** Provided information follows **

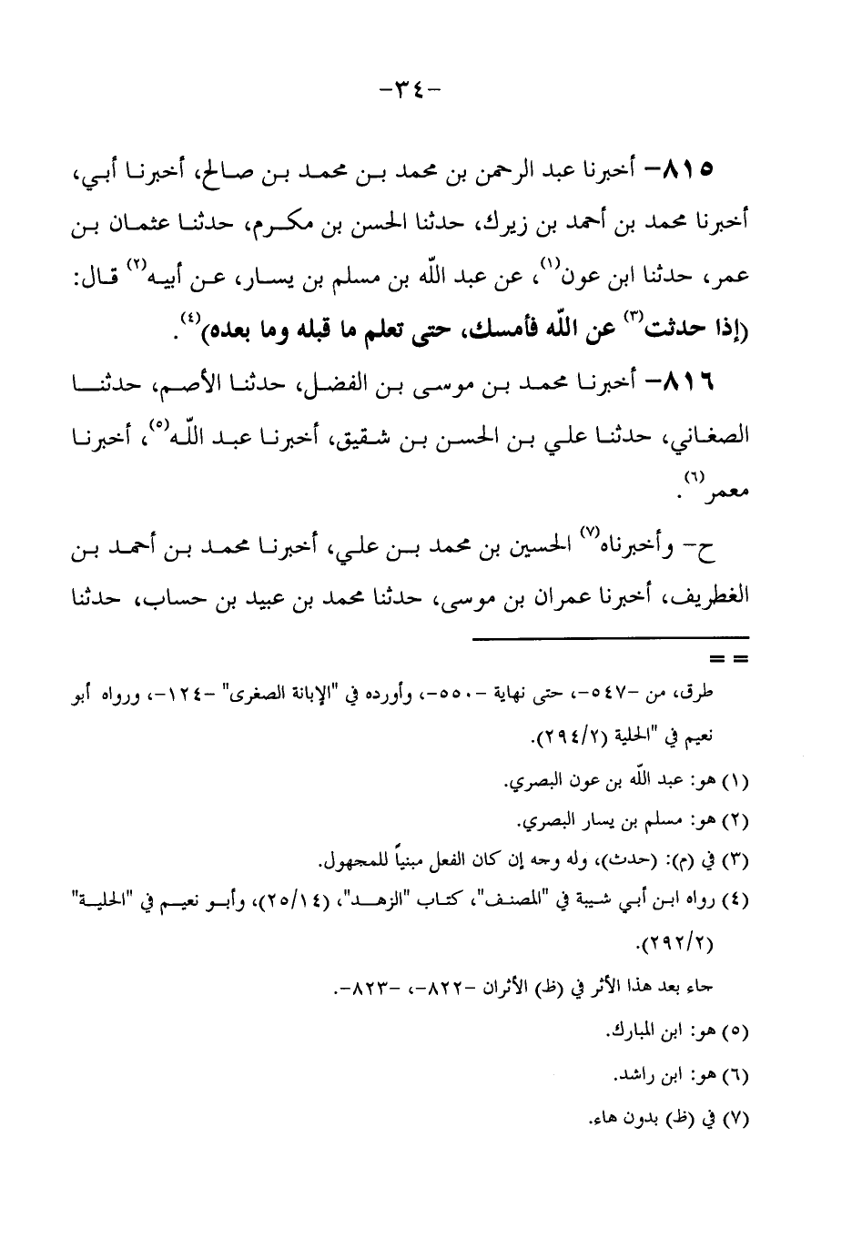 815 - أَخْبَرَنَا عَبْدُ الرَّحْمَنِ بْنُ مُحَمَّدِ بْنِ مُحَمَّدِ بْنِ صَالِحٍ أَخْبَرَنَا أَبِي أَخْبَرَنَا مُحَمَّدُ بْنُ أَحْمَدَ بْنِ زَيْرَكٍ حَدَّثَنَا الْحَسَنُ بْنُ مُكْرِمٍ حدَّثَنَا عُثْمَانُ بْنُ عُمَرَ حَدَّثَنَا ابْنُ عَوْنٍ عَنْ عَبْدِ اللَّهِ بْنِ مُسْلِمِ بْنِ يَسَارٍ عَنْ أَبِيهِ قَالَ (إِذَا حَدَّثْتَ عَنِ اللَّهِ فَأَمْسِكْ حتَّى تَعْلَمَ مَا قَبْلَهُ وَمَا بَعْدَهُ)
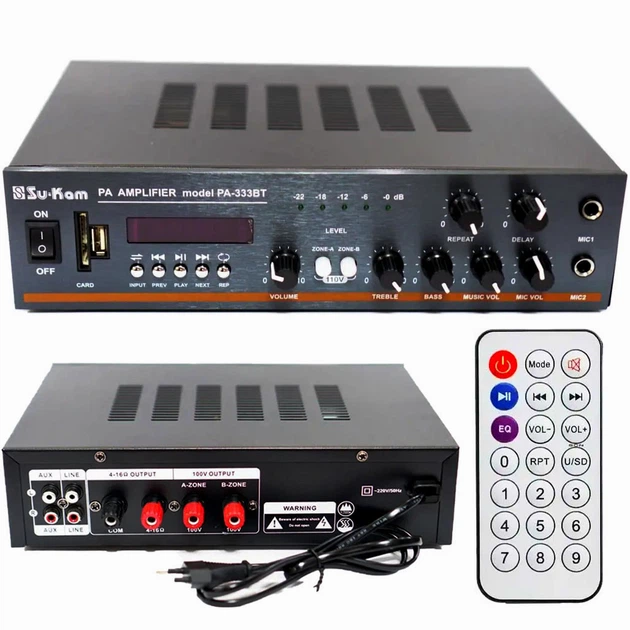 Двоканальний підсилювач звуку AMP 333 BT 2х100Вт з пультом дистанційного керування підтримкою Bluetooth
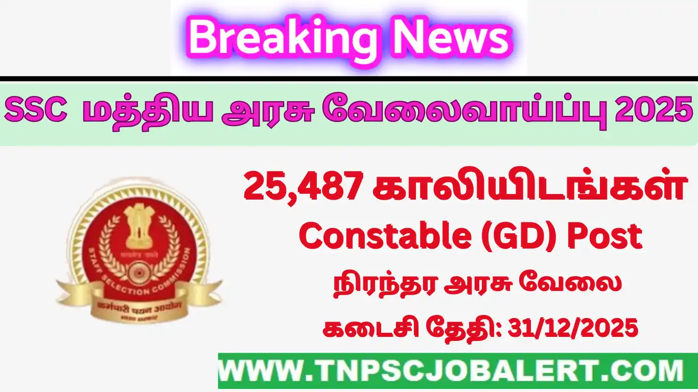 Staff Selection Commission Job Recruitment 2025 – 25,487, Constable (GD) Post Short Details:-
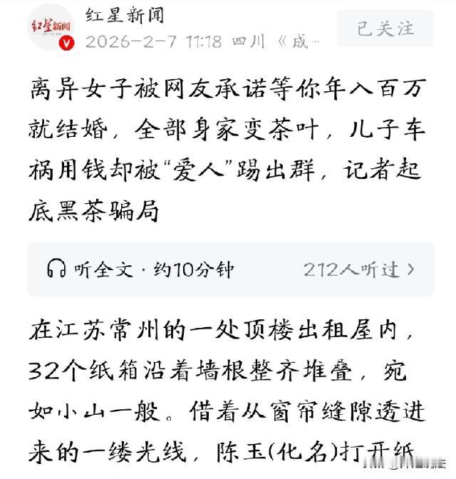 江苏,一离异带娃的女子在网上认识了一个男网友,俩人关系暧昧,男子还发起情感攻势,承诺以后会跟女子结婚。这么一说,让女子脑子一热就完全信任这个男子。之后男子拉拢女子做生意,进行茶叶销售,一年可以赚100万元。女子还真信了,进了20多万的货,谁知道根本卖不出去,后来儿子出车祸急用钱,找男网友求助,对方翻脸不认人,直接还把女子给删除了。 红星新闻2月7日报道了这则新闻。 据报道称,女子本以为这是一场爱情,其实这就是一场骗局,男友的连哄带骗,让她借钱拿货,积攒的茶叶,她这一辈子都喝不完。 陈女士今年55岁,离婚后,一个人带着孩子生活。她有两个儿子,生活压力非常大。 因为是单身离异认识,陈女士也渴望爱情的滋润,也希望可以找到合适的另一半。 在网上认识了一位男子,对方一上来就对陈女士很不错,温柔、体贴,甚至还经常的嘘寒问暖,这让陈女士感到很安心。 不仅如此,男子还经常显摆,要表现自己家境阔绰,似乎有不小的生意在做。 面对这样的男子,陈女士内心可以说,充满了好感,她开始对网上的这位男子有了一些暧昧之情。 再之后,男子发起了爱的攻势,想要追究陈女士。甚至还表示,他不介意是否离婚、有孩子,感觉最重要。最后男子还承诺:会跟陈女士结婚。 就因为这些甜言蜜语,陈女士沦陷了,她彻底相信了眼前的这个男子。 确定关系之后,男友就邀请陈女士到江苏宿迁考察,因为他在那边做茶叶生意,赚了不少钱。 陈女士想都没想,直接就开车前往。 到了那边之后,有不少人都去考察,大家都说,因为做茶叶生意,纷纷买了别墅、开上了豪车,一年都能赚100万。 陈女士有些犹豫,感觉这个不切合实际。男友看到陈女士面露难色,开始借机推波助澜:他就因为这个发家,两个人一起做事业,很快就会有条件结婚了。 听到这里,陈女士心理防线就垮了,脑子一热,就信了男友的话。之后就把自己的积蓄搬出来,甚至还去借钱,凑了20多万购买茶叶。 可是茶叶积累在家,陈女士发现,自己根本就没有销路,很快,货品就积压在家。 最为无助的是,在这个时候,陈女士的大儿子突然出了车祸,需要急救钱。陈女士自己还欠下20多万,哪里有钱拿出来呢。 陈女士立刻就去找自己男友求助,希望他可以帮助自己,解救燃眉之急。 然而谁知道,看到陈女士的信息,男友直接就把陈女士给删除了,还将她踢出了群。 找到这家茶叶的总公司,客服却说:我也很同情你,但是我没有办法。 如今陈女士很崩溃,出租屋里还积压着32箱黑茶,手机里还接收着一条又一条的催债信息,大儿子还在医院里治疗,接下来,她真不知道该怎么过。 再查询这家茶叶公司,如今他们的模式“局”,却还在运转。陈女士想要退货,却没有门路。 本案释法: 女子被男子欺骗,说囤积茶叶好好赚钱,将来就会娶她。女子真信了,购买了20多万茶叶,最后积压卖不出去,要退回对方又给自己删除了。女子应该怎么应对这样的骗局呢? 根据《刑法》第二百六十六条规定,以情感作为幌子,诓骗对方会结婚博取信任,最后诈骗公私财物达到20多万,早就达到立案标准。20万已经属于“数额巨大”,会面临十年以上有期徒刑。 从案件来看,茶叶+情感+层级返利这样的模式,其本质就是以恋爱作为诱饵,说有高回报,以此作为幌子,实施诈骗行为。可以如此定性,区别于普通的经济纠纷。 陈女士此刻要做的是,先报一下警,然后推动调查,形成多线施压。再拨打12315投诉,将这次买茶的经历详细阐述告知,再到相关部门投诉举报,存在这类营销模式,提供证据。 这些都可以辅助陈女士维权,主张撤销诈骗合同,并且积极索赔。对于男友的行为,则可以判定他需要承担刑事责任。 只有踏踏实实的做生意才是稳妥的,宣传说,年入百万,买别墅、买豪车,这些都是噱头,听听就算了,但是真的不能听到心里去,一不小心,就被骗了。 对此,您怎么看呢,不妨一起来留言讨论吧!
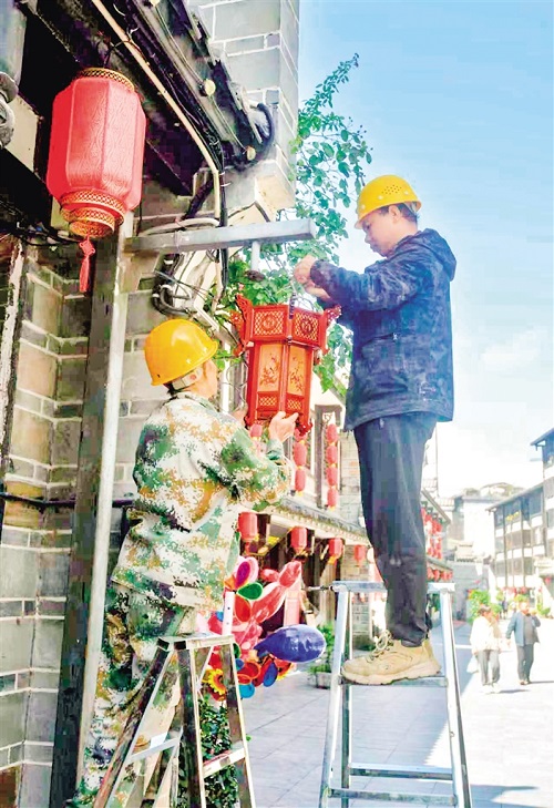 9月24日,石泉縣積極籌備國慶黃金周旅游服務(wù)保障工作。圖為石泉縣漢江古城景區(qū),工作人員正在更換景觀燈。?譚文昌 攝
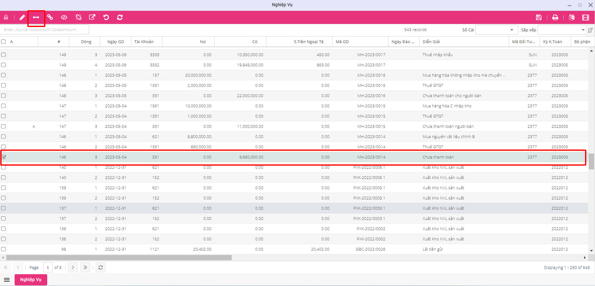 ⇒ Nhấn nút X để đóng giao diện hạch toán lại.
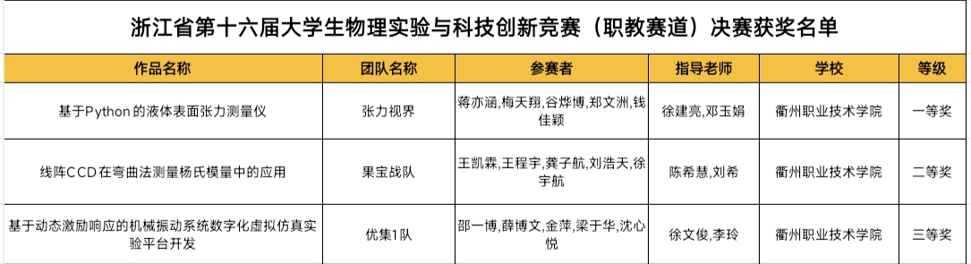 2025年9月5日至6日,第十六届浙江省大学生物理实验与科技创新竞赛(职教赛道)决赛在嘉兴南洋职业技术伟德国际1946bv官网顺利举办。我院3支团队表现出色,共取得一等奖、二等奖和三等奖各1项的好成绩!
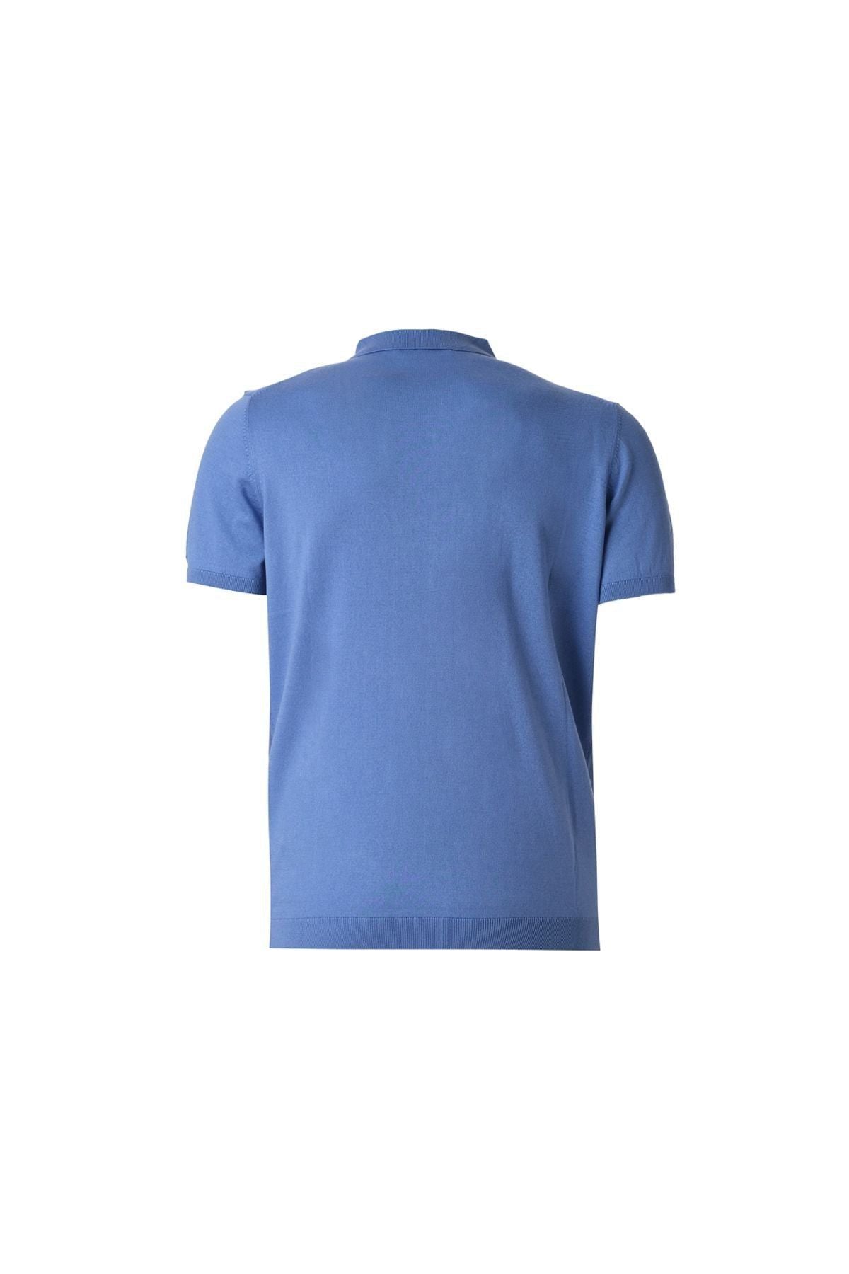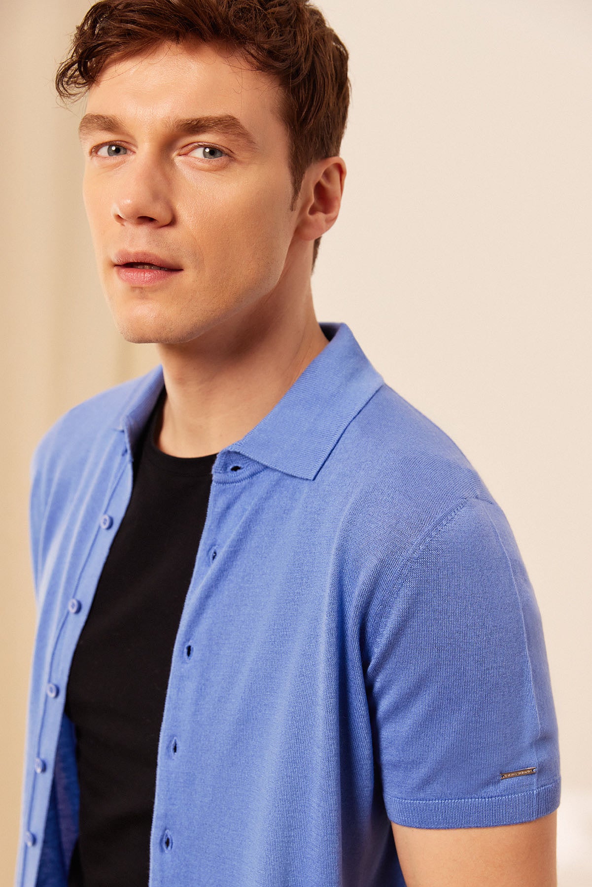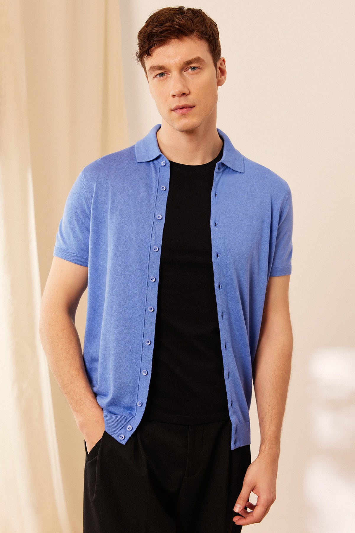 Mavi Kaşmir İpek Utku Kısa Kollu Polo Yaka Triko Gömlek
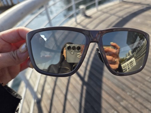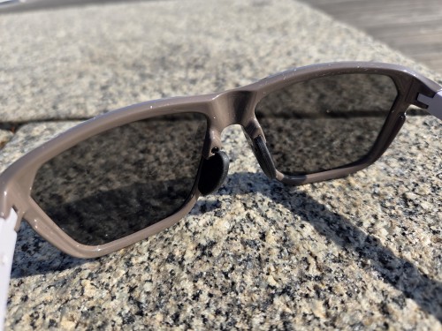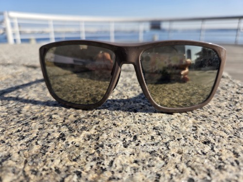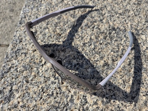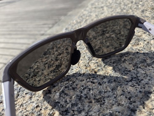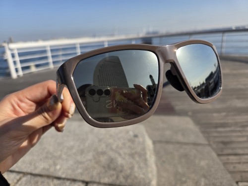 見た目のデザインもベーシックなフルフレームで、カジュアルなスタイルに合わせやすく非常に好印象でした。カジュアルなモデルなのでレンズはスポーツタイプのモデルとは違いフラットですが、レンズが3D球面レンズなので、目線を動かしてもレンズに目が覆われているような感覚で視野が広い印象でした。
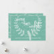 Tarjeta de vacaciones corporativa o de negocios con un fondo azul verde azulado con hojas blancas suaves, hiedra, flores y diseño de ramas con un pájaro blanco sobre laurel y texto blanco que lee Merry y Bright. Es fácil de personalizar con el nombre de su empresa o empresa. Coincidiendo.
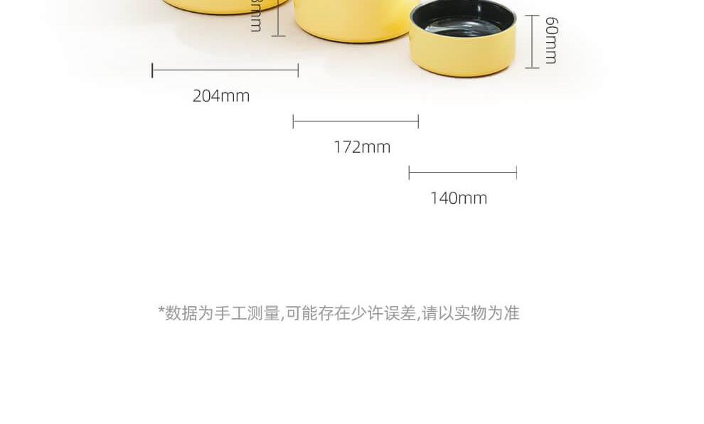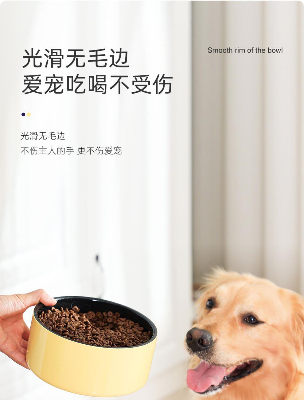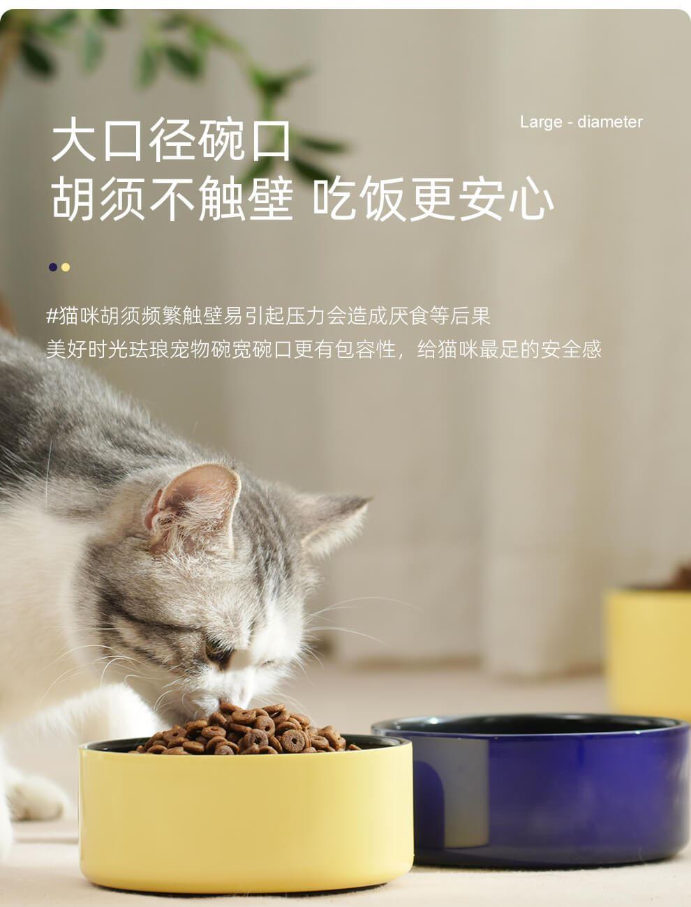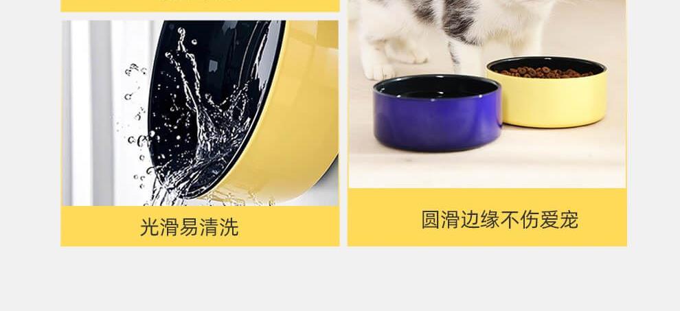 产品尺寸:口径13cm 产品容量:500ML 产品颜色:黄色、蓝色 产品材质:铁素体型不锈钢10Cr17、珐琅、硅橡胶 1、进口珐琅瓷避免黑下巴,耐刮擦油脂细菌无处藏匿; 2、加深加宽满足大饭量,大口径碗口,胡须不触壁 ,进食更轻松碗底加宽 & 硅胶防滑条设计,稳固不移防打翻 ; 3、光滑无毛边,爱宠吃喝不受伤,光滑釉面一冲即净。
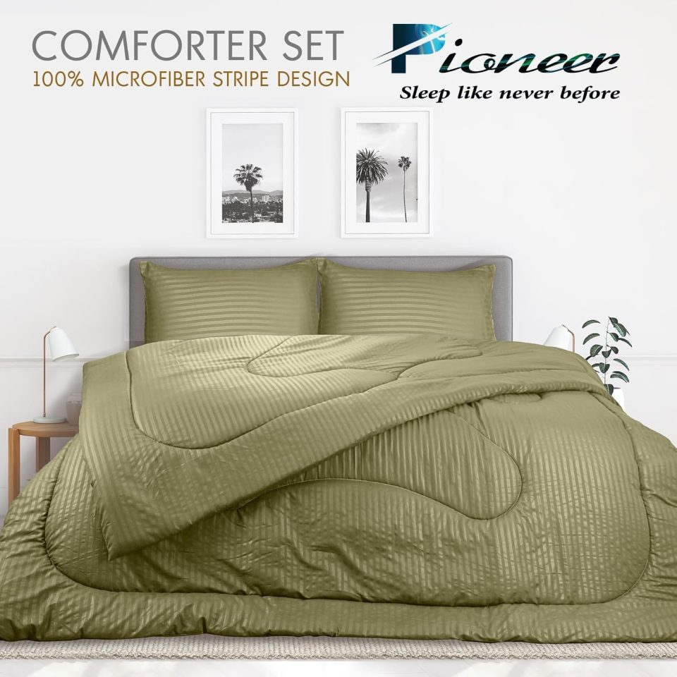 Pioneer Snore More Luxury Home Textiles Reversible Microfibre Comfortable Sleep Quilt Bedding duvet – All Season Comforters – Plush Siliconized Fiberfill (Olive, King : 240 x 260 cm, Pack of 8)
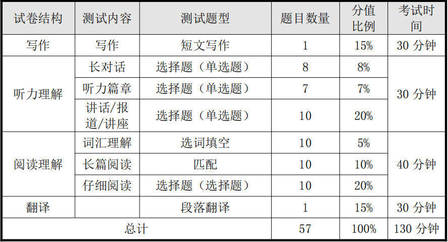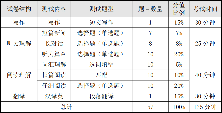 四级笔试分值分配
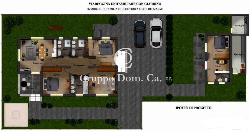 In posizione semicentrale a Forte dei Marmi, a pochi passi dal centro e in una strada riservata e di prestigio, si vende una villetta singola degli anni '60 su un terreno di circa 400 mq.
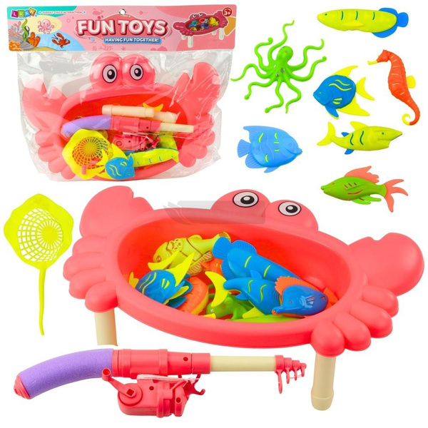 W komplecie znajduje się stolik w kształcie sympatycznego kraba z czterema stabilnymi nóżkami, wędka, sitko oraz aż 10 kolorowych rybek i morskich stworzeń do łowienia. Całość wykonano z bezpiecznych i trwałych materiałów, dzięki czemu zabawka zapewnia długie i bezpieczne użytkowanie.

** End of Provided information **

Exercise prompt:
Using the data above, give again exactly the lines starting at the one holding "Двоканальний підсилювач звуку" and ending at the one holding "Staff Selection Commission", inclusive, and nothing more. Omit the pictures.

Exercise result:
 Двоканальний підсилювач звуку AMP 333 BT 2х100Вт з пультом дистанційного керування підтримкою Bluetooth
 Staff Selection Commission Job Recruitment 2025 – 25,487, Constable (GD) Post Short Details:-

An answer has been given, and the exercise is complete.